The resolution came two days after Congress-ruled Rajasthan passed an assembly resolution saying the CAA should be scrapped. Left-ruled Kerala and Congress-ruled Punjab passed similar resolutions on December 31 and January 17.
The CAA was passed last month to fast-track the citizenship process for non-Muslims, who have entered India from Afghanistan, Pakistan and Bangladesh before 2015, and triggered protests across the country.
Slogans against Modi and Union home minister Amit Shah were also raised during the discussion on the West Bengal assembly resolution, which sought a repeal of the CAA. The resolution also demanded that the NRC and NPR process be withdrawn immediately. It added the NPR and NRC are linked.
The NPR is a comprehensive biometric database of all “usual residents” in India as opposed to the Census, which is a database of households. It has generated controversy with the Opposition parties contending the exercise is linked to the National Register for Indian Citizens aimed at identifying undocumented immigrants. The government has in the past described NPR as the first step towards a nationwide NRC. It now maintains that there is no link between the two and that an all-India NRC is not immediately on the anvil.
Kerala and West Bengal have announced they will not participate in the NPR exercise, which will begin from April.

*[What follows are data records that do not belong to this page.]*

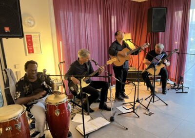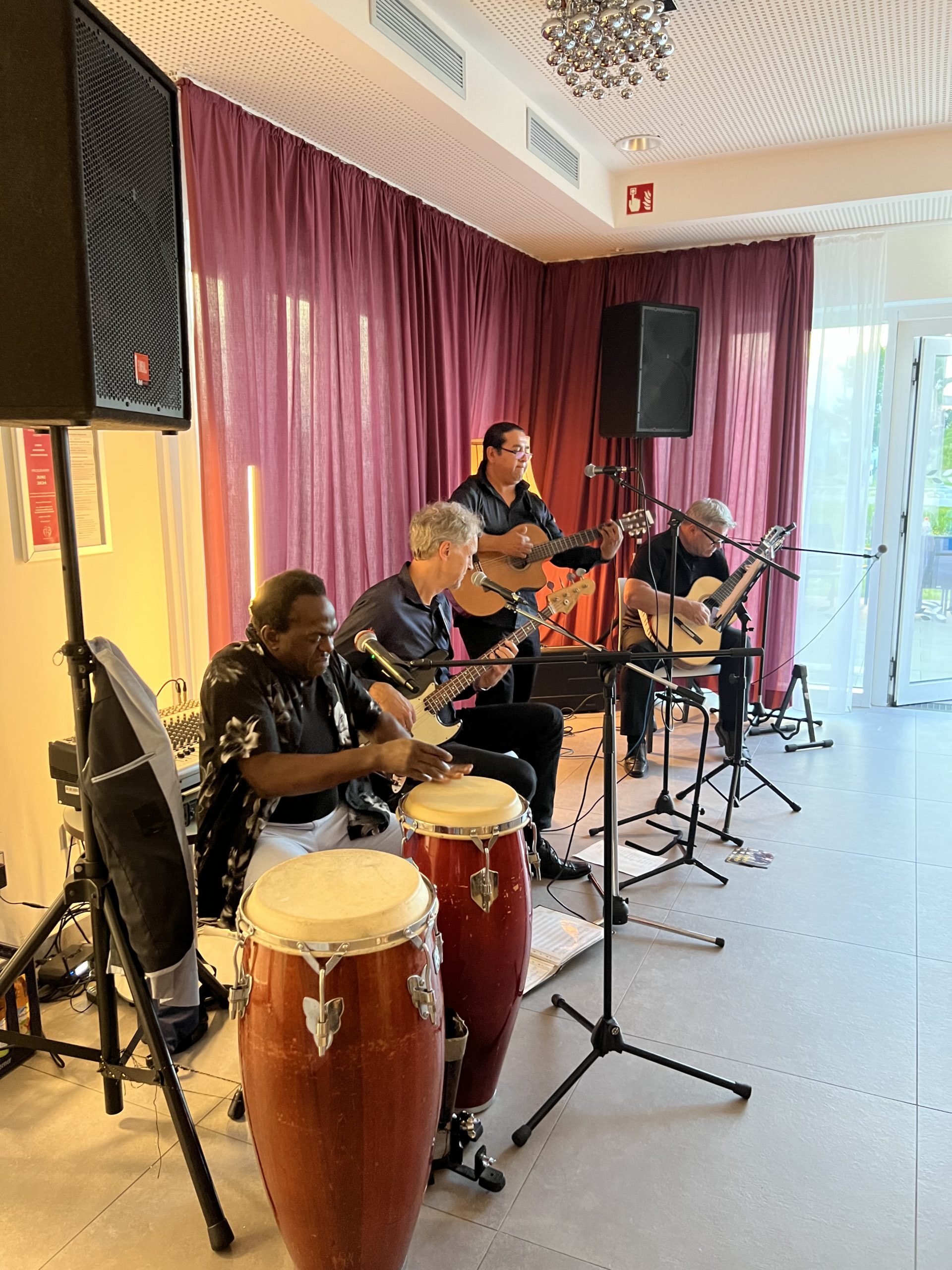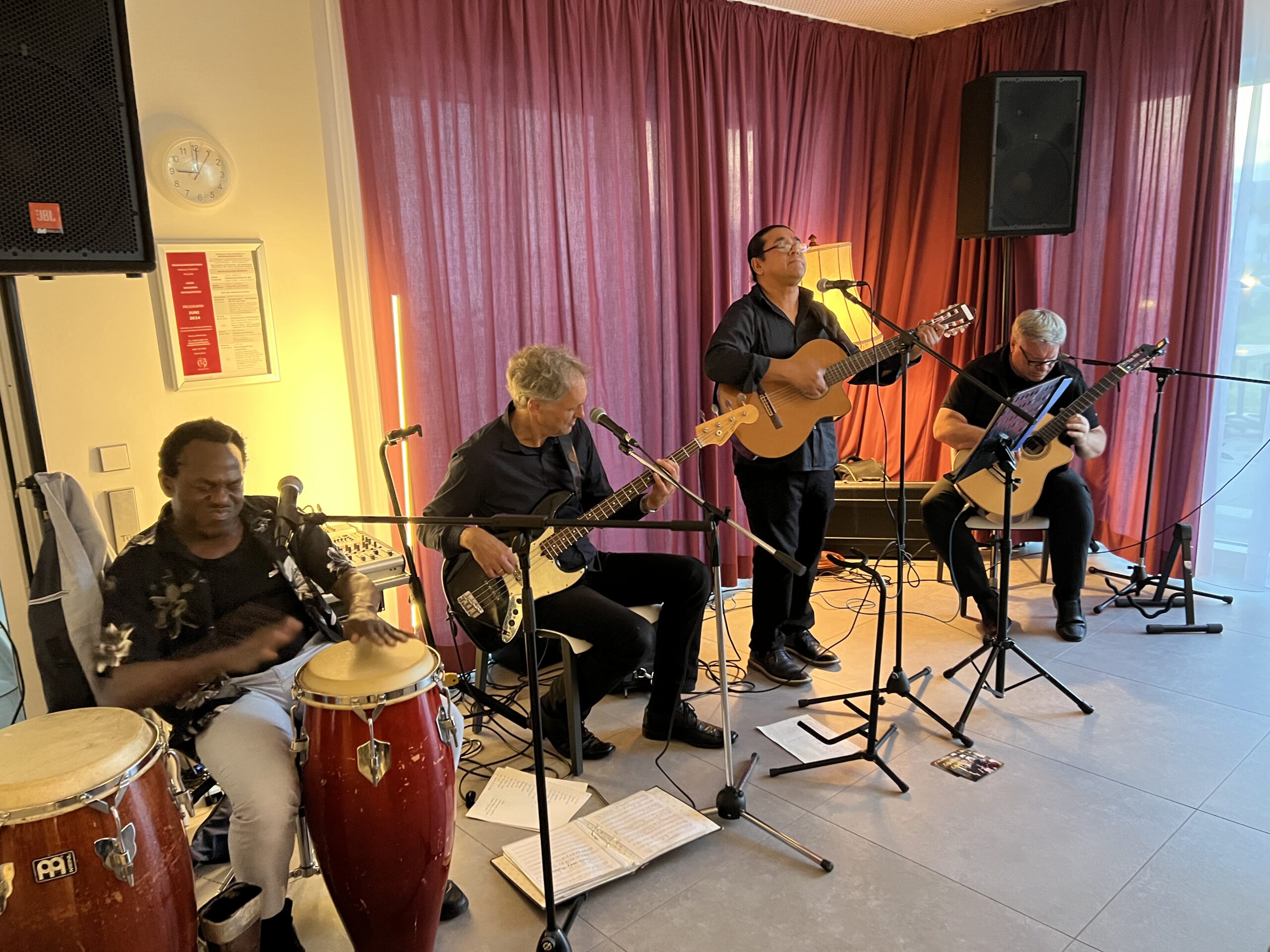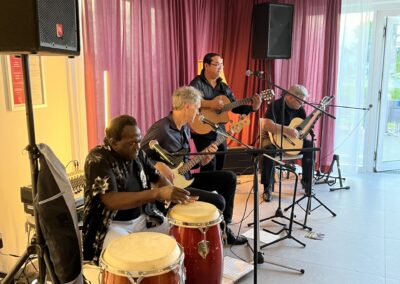 Neben Freddy Herrera begeisterten Hans Baltin am Bass, Karsten Lackmann an der Sologitarre und Roland Richardson an den Kongos. Das Quartett versteht es, das Publikum mit Musik und Witz in seinen Bann zu ziehen und versprüht dabei sehr viel Leichtigkeit und Lebensfreude – das konnten alle im Raum spüren und waren begeistert. Den ein oder anderen Song wie „Quantanamera“ konnten am Ende sogar noch viele Menschen mitsingen. Ein gelungener Abend, wie er sich gerne wiederholen darf.
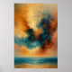 A symphony of motion and stillness, Tempest Serenity captures the abstract tension between sky and sea—between chaos and calm. Swirling clouds in fiery orange, golden yellow, and deep indigo erupt across the canvas, echoing the emotional turbulence of a storm in transition. Below, a tranquil ocean reflects the drama above in softened blues and turquoise, grounding the viewer in quiet contemplation.
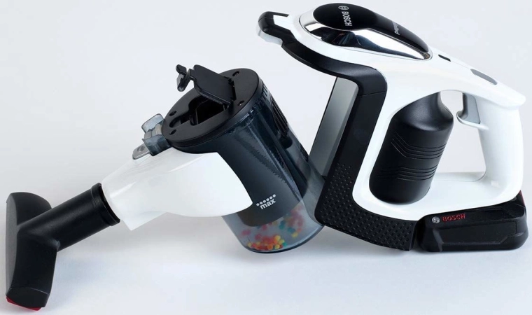 Част от комплекта са отворяем контейнер за „замърсявания“ за лесно изсипване, широка подова четка с въртящ се валяк и тесен накрайник за детайлно почистване. Пръчката може лесно да се свали и прахосмукачката да се използва като компактна ръчна единица – идеална за трохи и бързо почистване по време на игра.

West Bengal’s parliamentary affairs minister, Partha Chatterjee, tabled the resolution in the assembly. BJP lawmakers like Swadhin Kumar Sarkar opposed the resolution amid anti-Centre slogans by ruling Trinamool Congress (TMC) members. The BJP has 14 members in West Bengal’s 294-member House.
Congress and the Left parties supported the government and voted for the resolution even as their leaders criticised the TMC for not allowing them to introduce it earlier this month.
CPI (M) lawmaker Sujan Chakraborty questioned why the TMC government did not pass the resolution they wanted to present on January 9 and waited till January 27. “The Centre brought the CAA into force on January 10.”
BJP leader Rahul Sinha said the resolution proves that the TMC government “is anti-national and anti-Constitution because it speaks against a law [CAA] of the country”. He said the TMC is opposed to the NPR because once the population data is compiled, people will come to know how many people in Bengal are illegal migrants from Bangladesh and how many citizens are jobless.